CREATE TABLE ColorProperties (
color_id serial NOT NULL PRIMARY KEY,
back_color VARCHAR,
fore_color VARCHAR
);

We will insert some rows into the ColorProperties table with the help of the INSERT statement as follows:

Code:

INSERT INTO ColorProperties (back_color, fore_color)
VALUES
('blue', 'red'),
('green', 'blue'),
('red', 'red'),
('blue', 'green'),
('green', 'red'),
('blue', 'blue'),
('green', 'green'),
('red', 'red'),
('red', NULL),
(NULL, 'red'),
('red', 'green'),
('red', 'blue');

Now retrieve the data from the ColorProperties table with the help of the SELECT statement as follows:

Code:

SELECT
color_id,
back_color,
fore_color
FROM
ColorProperties;<c/doe>

Output: After executing the above statement, we will follow the result.

1. Single One Column

We will use the following statement to fetch the unique values of the column named fore_color. Also, to sort output results alphabetically, we will use the ORDER BY clause for the values in the fore_color column.

Code:

SELECT
DISTINCT fore_color
FROM
ColorProperties
ORDER BY
fore_color;

Output:

2. Multiple Columns

Let’s understand how to use the DISTINCT clause on multiple columns using the following statement:

Code:

SELECT
DISTINCT fore_color,
back_color
FROM
ColorProperties
ORDER BY
fore_color,
Back_color;

Output:

As the SELECT DISTINCT clause contains back_color and fore_color, for removing the result’s duplicate rows, set the PostgreSQL combines values of both columns back_color and fore_color, etc.
The PostgreSQL statement will give us the unique values for both columns, back_color, and fore_color, from the ColorProperties table. RED COLOR is present in both columns, back_color, and fore_color, in the ColorProperties table as we added back_color and fore_color with the DISTINCT clause, only one-row entry was kept for duplicate rows.

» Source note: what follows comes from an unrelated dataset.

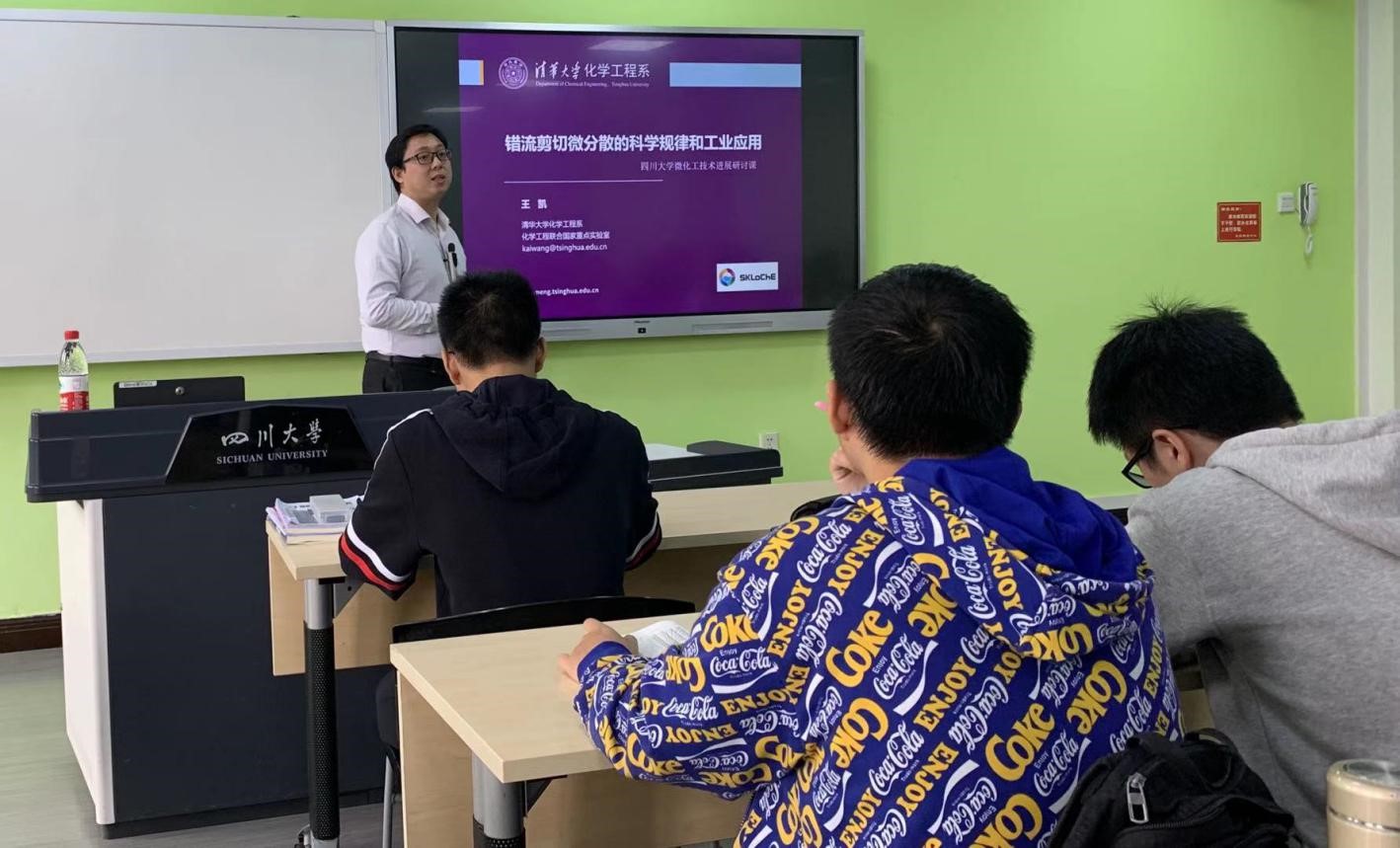 2020年11月12日,304am永利集团邀请到清华大学化工系王凯副教授在江安校区综合楼B座305教室为我们本科生做了题为“错流剪切微分散的科学规律和工业应用”的学术报告。会议由汪伟教授主持。
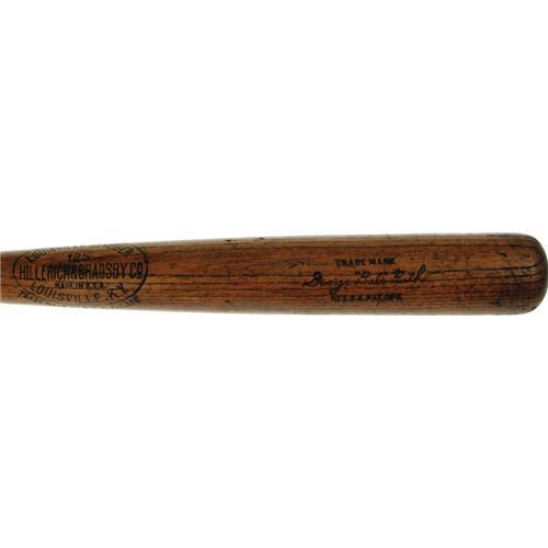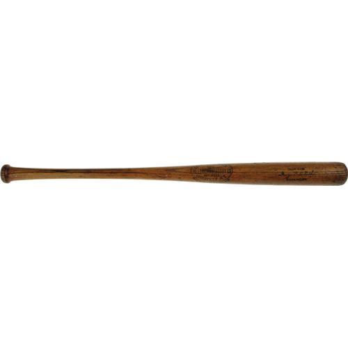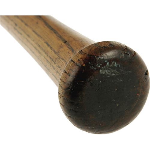 <B>1923-26 Babe Ruth Game Used Home Run Bat.</B></I> In the history of competitive sport, there has been no single figure that has so radically altered a game's status quo as did the great Bambino, burying baseball's Dead Ball era with a barrage of long ball blasts. The old guard, used to a game of singles and sacrifice bunts, moving runners along, never knew what hit them. Al Stumpf's biography of Ty Cobb recounts an apocryphal conversation in which the fiery legend laments "that fat ass named Babe Ruth came into the league and nearly destroyed the game of baseball." But the fans clearly sided with the Babe, and the Yankee slugger's feats of strength packed the stands, arguably saving the sport from the 1919 Black Sox scandal that threatened to sink our national pastime. And this love affair with the long ball survives to this day, continuing to play the leading role in the game's most memorable occasions, from the 1961 and 1998 chases to Thomson's and Mazeroski's game-winners to Aaron's and Bonds' hunts for the Babe himself.<BR><BR> It is for these reasons that the piece we present here, an actual Babe Ruth home run bat, ranks as one of the most important and desirable pieces in the collecting hobby. It represents that seismic shift in the way the greatest game on earth is played, one of the most crucial points in baseball's evolution. Holding this forty-two ounce behemoth of a Hillerich & Bradsby in one's hands is a treat that every true lover of the game should experience at least once.<BR><BR> In every regard, this thirty-five and three-quarter inch signature model bat registers elite status, meriting nothing less than a perfect score of A10 from noted authenticator Dave Bushing. He notes the "Perfect example of the hitting surface for label down left handed batters unique to Babe Ruth," with use characterized as "Heavy," and evident to the touch. Pock marksinflicted as Ruth knocked the dirt off his spikes in the batter's box dot the surface as well. But the most noteworthy scar to the deeply toned lumber is the notch carved at the one o'clock position of the center label oval, which recalls the days when gunslingers would record kills on the handles of their pistols, but here represents a ball that the Babe sent over the wall. Ruth's practice of notching bats in this fashion is well-documented, and Bushing notes that this "...home run notch in the outer right oval [is] similar in length, depth and location to other known HR notched Ruth bats."<BR><BR> Top bat expert John Taube has been able to narrow the era of this remarkable artifact to the earliest years of the House that Ruth Built, noting that the labeling period is 1921 to 1931, but the thickness of the handle and the size of the knob denote a thinner range. Once again, the letter of authenticity heaps praise upon the piece, stating, "The bat is 'Ruthian' in every respect. This is one of the nicest Ruth bats that I have had the pleasure to authenticate."<BR><BR> We at Heritage Auction Galleries are humbled by the opportunity to present such a national treasure to the collecting world. As we have said many times before, Babe Ruth is so much more than just a famous athlete-he is a symbol of America itself, of rising up from adversity, of the boldness and vitality of a young nation. One can't help but feel inspired in the presence of this tool used by a poor kid from a Baltimore orphanage to become the world's most famous man. <I>LOA from Dave Bushing. LOA from Vince Malta. LOA from John Taube.</B></I>

3. PostgreSQL with DISTINCT ON

We should define the statement to get the sorted result set: remove all duplicate rows and keep a one-row entry for all.

Code:

SELECT
DISTINCT ON
(back_color) backgroundcolor,
fore_color
FROM
ColorProperties
ORDER BY
back_color,
fore_color;

Output:

4. Multiple Tables

Let’s consider we have two tables named: students and departments.

CREATE TABLE students (
name text not null,
department_id text not null,
CONSTRAINT students_pk PRIMARY KEY (name)
);
INSERT INTO students (name, department_id) VALUES
('Jacob', '101'),
('David', '102'),
('John', '103');
CREATE TABLE departments (
department_id text not null,
department_name text not null
);
INSERT INTO departments (department_id, department_name) VALUES
('101', 'Computer'),
('102', 'Electrical'),
('103', 'Mechanical');

Let’s look at the following statement, which joins student and department tables.

Code:

SELECT DISTINCT ON (s.department_id) s.department_id, s.name, d.department_name
FROM students s
JOIN departments d ON d.department_id = s.department_id
ORDER BY s.department_id DESC

We have defined an expression (s.department_id) for a DISTINCT ON clause to ORDER the result set in the above statement.

Output:

Conclusion

We hope from the above article, you have understood how to use PostgreSQL SELECT DISTINCT statement to return unique rows by removing duplicate rows from the result set.